> [AVAILABLE RECORDS]:
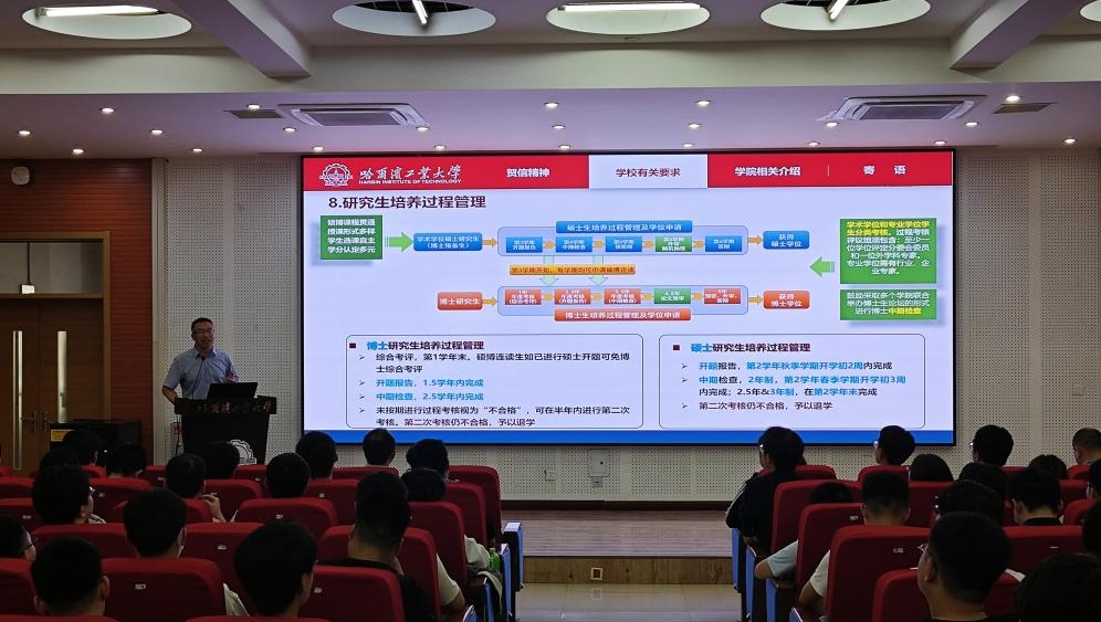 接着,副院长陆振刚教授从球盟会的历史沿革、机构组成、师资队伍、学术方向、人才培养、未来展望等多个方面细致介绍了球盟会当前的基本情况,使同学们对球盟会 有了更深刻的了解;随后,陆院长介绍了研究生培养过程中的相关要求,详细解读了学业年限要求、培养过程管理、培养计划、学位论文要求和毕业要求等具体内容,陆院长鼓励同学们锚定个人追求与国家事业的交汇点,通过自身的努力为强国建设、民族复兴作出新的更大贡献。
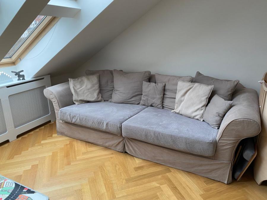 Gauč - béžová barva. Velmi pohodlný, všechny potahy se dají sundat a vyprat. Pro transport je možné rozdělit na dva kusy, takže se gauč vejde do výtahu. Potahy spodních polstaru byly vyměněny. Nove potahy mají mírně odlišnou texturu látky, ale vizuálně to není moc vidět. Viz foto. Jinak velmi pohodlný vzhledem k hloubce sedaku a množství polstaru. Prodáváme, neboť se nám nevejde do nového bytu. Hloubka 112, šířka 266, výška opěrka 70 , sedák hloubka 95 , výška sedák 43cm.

...

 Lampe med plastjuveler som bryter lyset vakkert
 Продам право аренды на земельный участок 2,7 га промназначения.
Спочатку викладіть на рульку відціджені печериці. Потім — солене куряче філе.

> [TASK BRIEF]: For this exercise, repeat exactly the lines of the data above from the one with "Продам право аренды" down to the one with "Спочатку викладіть на", both end lines included.

> [RESPONSE TO THIS EXERCISE]:
 Продам право аренды на земельный участок 2,7 га промназначения.
Спочатку викладіть на рульку відціджені печериці. Потім — солене куряче філе.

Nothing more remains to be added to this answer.